Also, crossfeed does simulate certain things. Simulation can be very coarse. There is no threshold of how accurate simulation has to be to be called simulation. So, you are using semantics to discredit me and I don't like that AT ALL!! I am very honest here.



gregorio said:


> That’s not true


You say that to everything say. Maybe I am a machine that generates untrue claims? So funny. Who takes you seriously at this point? Some fools maybe...



gregorio said:


> . I’ve stated that crossfeed works very well for a few people, acceptably well for a group of people and even that I prefer crossfeed in a very limited number of cases.


Yes you have, but the next thing you say is that my scientific explanations are false, but they are not.



gregorio said:


> Generally crossfeed makes it far more difficult for me to interpret the cues in the recording, gives me a more mono and therefore a lesser feeling of space.


That is interesting. Thanks to you I know now that people like you exists and my way of hearing crossfeed is not the only way common to all people.



gregorio said:


> That’s because my perception, the perception of many/most others and loads of scientific evidence (such as HRTFs for example) falsifies your explanation of the process, regardless of how many times you repeat it!!


No. Scientific evidence tells us we can do things even better than crossfeed. We both agree HRTF is better than crossfeed, but my claim is crossfeed is better than nothing (and good enough for me to enjoy headphone sound).



gregorio said:


> Now who’s changing the goal posts? We do quite commonly experience large ILD in real life. And, I’ve already given you examples where we do even with music; anyone who’s ever played a flute, violin, tuba, some other instruments or in a closely spaced ensemble. You could add, children being sung to by their mother with one side of their head near her mouth, anyone who’s ever listened to a radio on their shoulder or a mobile with the speaker close to one ear and there’s probably some other scenarios. There are various potential real life scenarios (that are not incredible rarities) which falsifies your assertion that high ILDs are “unnatural”. Again, you’re just making up false assertions to justify your “theory”/explanation.
> 
> G


How an earth should I hear flute or tube at my ear when I listen to a recording of Elgar's 2nd Symphony? I am not supposed to play in the orchestra! I am supposed to sit in the audience 15 meters from the orchestra! Large ILD is not unnatural in all context, but it is  unnatural in the context of music listening. There is also the matter of spectrum. When we hear large ILD in real life, it tends to be mid/high frequencies (insects flying by, mother singing lullaby).

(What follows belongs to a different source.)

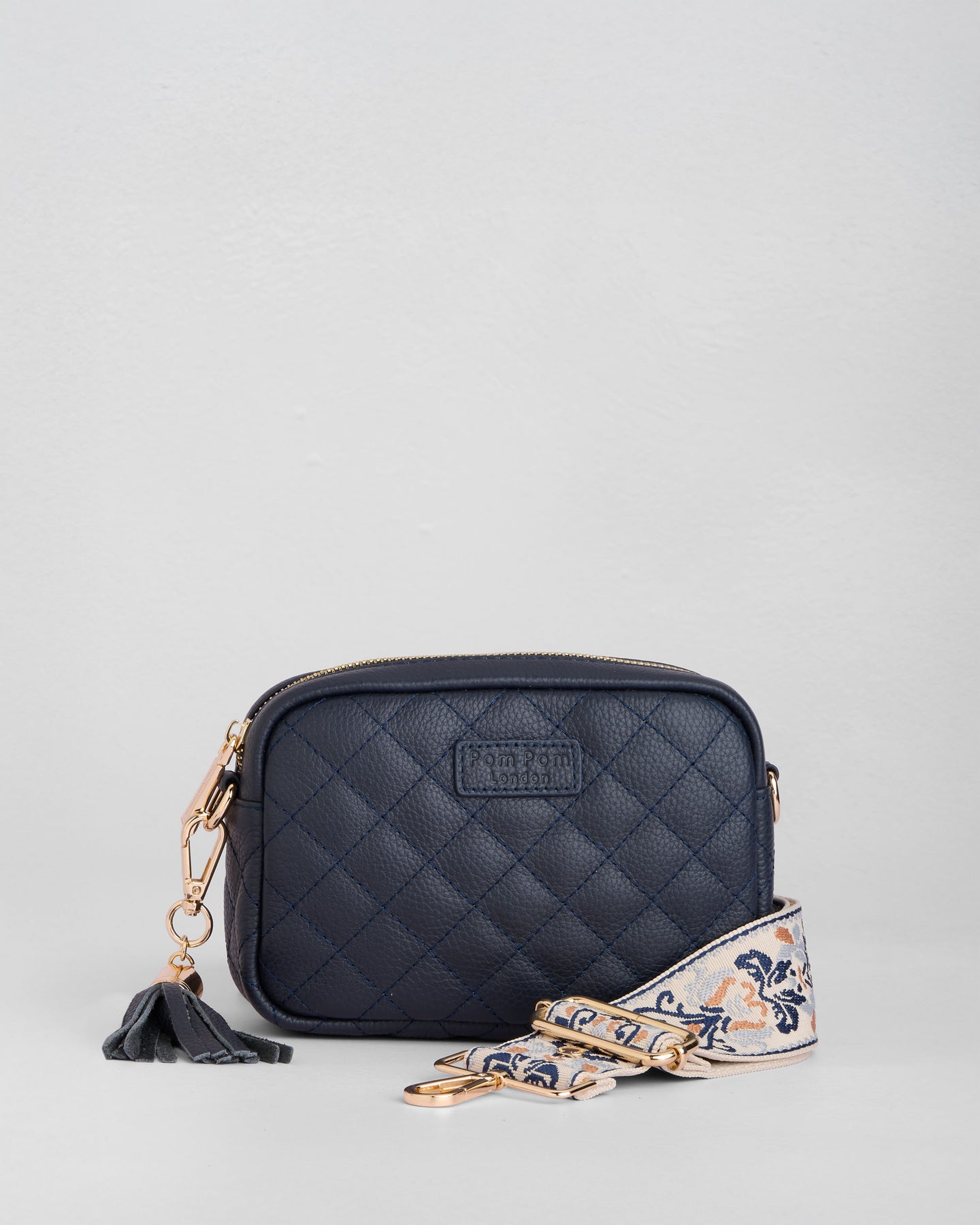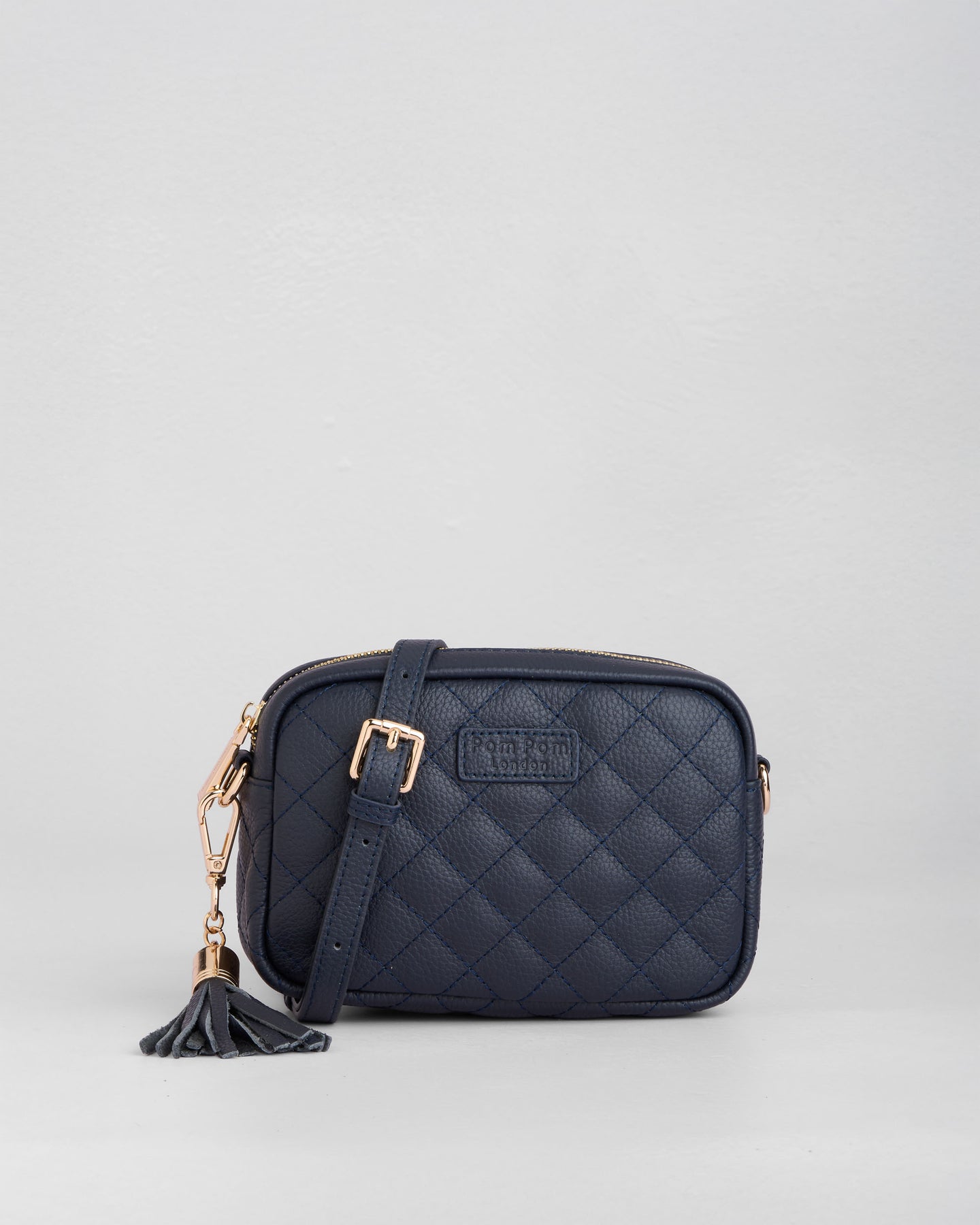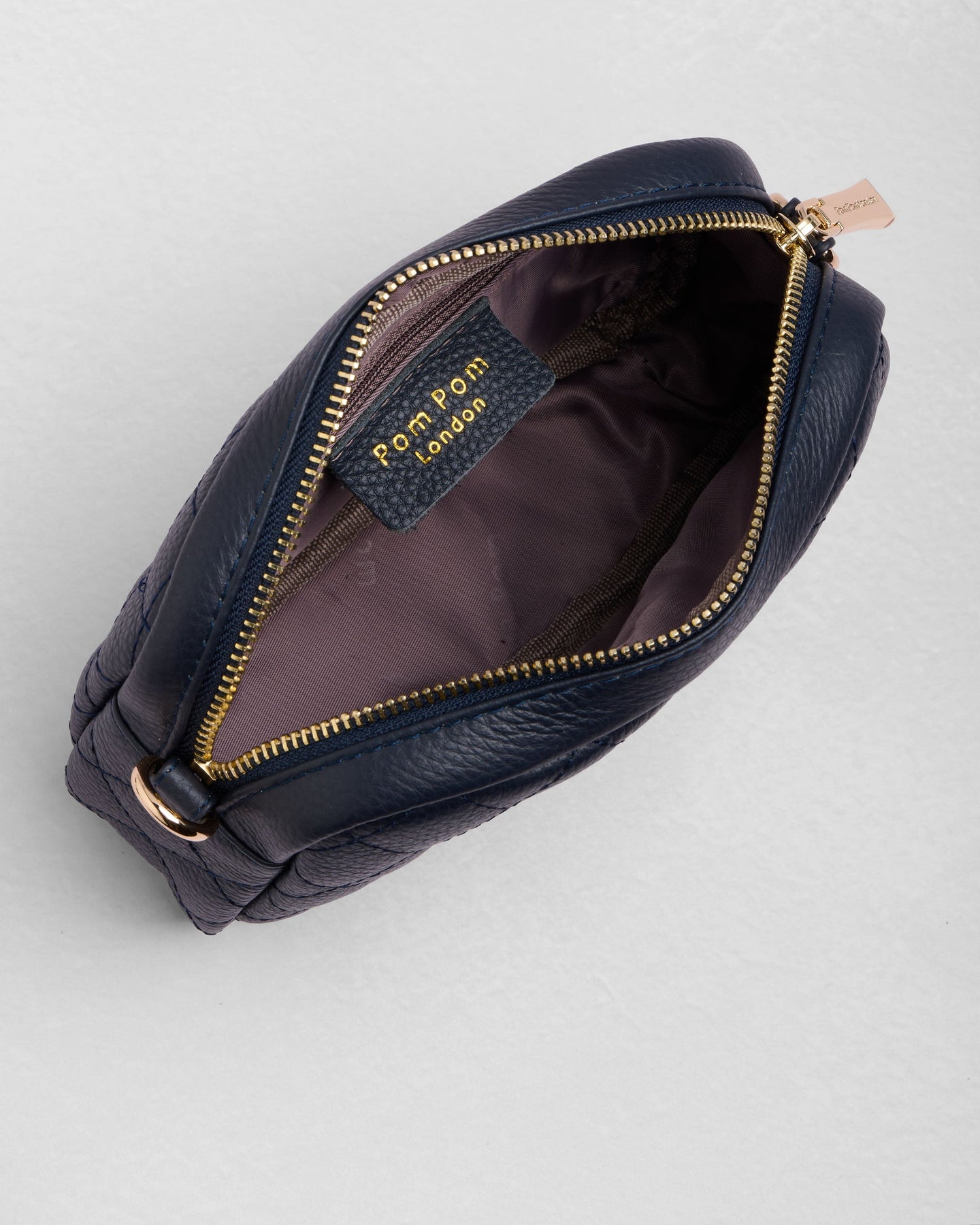 - Pom Pom London Quilted City Mini Bag in Navy - A stylish crossbody crafted in quilted full grain leather.

Low frequencies generally require large vibrating surfaces and if such objects are near head, it is near field* meaning the ILD isn't that large. In fact, (closed) headphones are the best way to generate large ILD at low frequencies, and that's also the danger and motivation to use crossfeed.

* the vibrating surface is so big, that even the nearer ear isn't that near the average distance. Only a small part of the surface is very near. That limits the ILD.


----------



## gregorio

71 dB said:


> Crossfeed generates the ITD at frequencies up to about 800 Hz. Below that frequency ITD is quite constant.


Is this what you call “quite constant”?




Taken from “_On the variation of interaural time differences with frequency_” - Victor Benichoux, Marc Rebillat, Romain Brette, JASA, 2016. 


71 dB said:


> Maybe I am a machine that generates untrue claims? So funny. Who takes you seriously at this point? Some fools maybe...


Clearly, from the data in the peer reviewed paper above, ITD does vary by frequency below 800Hz, by as much as 200μs. Your claim of it being constant is untrue, a fixed 250μs delay does NOT simulate what actually occurs so you are apparently an untrue claim generating machine and your insult applies to yourself!!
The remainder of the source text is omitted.